The transition team will also be charged with vetting candidates for top administrative posts, Harp said, adding that she will seek to keep on a number of current appointees, including New Haven Police Chief Dean Esserman. Still, Harp added, she has yet to offer anyone a job.

Transition team members praised Harp as a compassionate leader keen on equalizing opportunity for the city’s residents. Joyner, who developed the Yale Child Study Center’s School Development Program after nearly two decades spent teaching in the New Haven Public Schools, said the mayor-elect has the power to “help level the playing field for our community.” He said her message of inclusion has personal significance for him, having grown up in the South when there was still a racial “pecking order in American society.”

Some members of the transition team recounted extensive ties to the mayor-elect. Attorney Tamiko Jackson said she attended Harp’s wedding, and former Ward 7 Alderwoman Esther Armmand recalled how Harp mentored her when both served on the New Haven Board of Aldermen. Others, including Jim Segaloff, attorney and former chairman of the city’s Civil Service Commission, lack personal ties to Harp but said they were drawn to her vision for the city and respect her 20 years of service as a state senator.
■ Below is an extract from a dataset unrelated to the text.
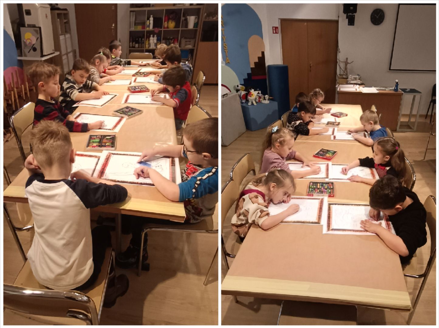 Ciekawa wystawa obrazów, interesujące zajęcia plastyczne.

“I’m one of the people who didn’t grow up here; I came here as one of those obnoxious Yalies” said Angel Fernandez-Chavero ’85, a Fair Haven activist and political and management consultant, commenting on the high concentration of Elm City natives in the group.

Other transition team members are: La Voz Hispana publisher Norma Rodriguez-Reyes, state Commission on Human Rights and Opportunities member Alix Simonetti, statewide political staffer Rick Melita and Bill Carbone, former executive director of Connecticut’s Court Supportive Services Division.